Once subjects were fixating within 3.0° of the fixation cross, stimuli were presented 7° below fixation along the display axis. After their presentation, a cursor appeared at a random location on a screen. Subjects were asked to quickly and accurately localize all stimuli that were displayed; this could be a flash of light, a burst of sound, or both, and stimuli could be either spatially congruent or spatially incongruent. The response cursor was displayed on the screen by the ceiling-mounted projector and could move continuously along the display axis; subjects could move the cursor either to the left or right with the trackball on the mouse, and they pressed a mouse button to record their responses. The cursor could move beyond the location of the most eccentric stimulus positions (−13° and +13°), so the response range was not constrained. For bisensory stimuli, the auditory and visual signals were always temporally synchronous, and subjects always localized the light and sound in the same order, but the order of response (light-sound or sound-light) was counterbalanced across subjects.
Using the BCI model, the binding tendency was quantitatively estimated for each individual in each task on each day. If sensory integration in the brain is based on a global mechanism, then the estimated binding tendency should be correlated across tasks; if it is based on a task-specific mechanism, then the binding tendency should show no correlation across tasks. In addition, if integration processes are stable in the brain, binding tendencies should show consistency across time; alternatively, if the binding tendency is volatile and influenced by transient factors, estimated values for the binding tendency in a given task across two sessions should show little or no correlation.

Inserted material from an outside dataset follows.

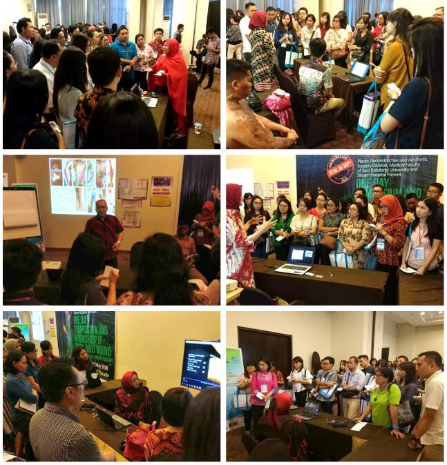會(huì)議中,來自雅加達(dá)的Dr. Vika Tania/Dr. Afriyanti Sandhi/Dr. Aditya Herwandar講解了燒傷創(chuàng)瘍?nèi)梭w復(fù)原的基本理論; Dr. Aditya Herwandar/Dr. Donna Savitry/Dr. Puri Ambar Lestari則就創(chuàng)瘍的再生醫(yī)學(xué)基本護(hù)理進(jìn)行了闡述;Dr. Donna Savitry/Dr. Laksmi Achyati/Dr. Afriyanti Sandhi則以再生醫(yī)學(xué)燒傷的基本護(hù)理為主題展開論述;而Dr. Vika Tania/Dr. Puri Ambar Lestari則通過燒傷病例的分享讓大家更好的了解這一技術(shù);Dr. Mendy H.Oley/Dr. Maximillian Ch.Oley則分享了治療過程中控制疼痛的方法。隨后在場(chǎng)200余位參會(huì)者分六組進(jìn)行了討論,以燒傷在不同場(chǎng)景和情況下的急救措施和后續(xù)護(hù)理為重點(diǎn)進(jìn)行了熱烈的交流。
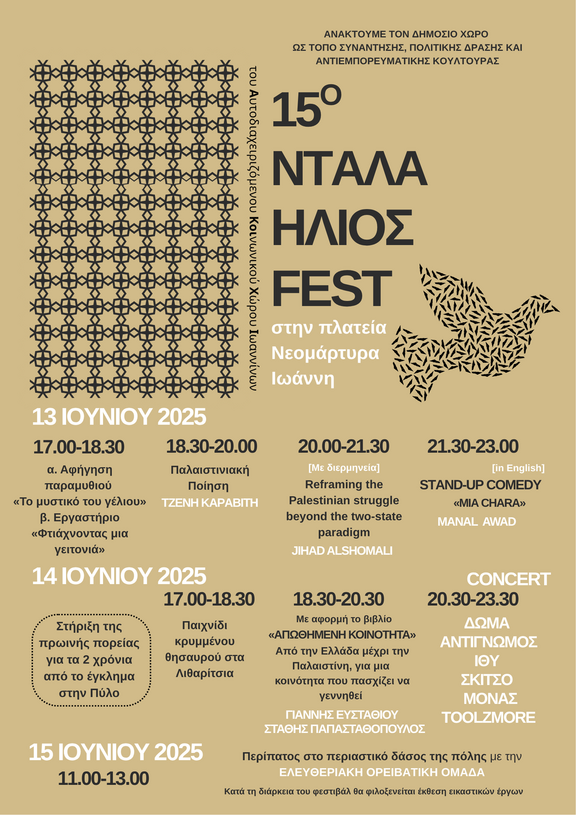 Το Ντάλα Ήλιος θα πραγματοποιηθεί για 15η χρονιά φέτος. Γεννήθηκε και συνεχίζει, περαν των άλλων, ως μία σταθερή προσπάθεια επανανοηματοδότησης των δημόσιων χώρων. Φέτος αποφασίσαμε να κάνουμε για πρώτη φορά βάση και σημείο αναφοράς την πλατεία μας, την πλατεία Νεομάρτυρα Ιωάννη.

Computational modeling methods
Three factors affect the strength of cross-modal interactions: the degree of consistency, similarity, or congruence of the stimuli (factor a); the relative reliability and precision of representation of the unisensory signals (factor b; Fig. 1a); and the strength of the brain’s tendency to bind sensory information across the relevant modalities (factor c; Fig. 1b). As in many previous studies of multisensory integration, all of our participants were presented with the same set of stimuli, effectively controlling for factor a. Thus, the variability in cross-modal interactions across individuals could be due to either factor b or factor c (see Fig. 1). Because it is already well established that observers vary in their unisensory abilities, factor b was not of interest in this study. To investigate factor c, we used a BCI model to characterize and quantify the binding tendency in each individual observer in a fashion that was not confounded with the precision of unisensory encoding.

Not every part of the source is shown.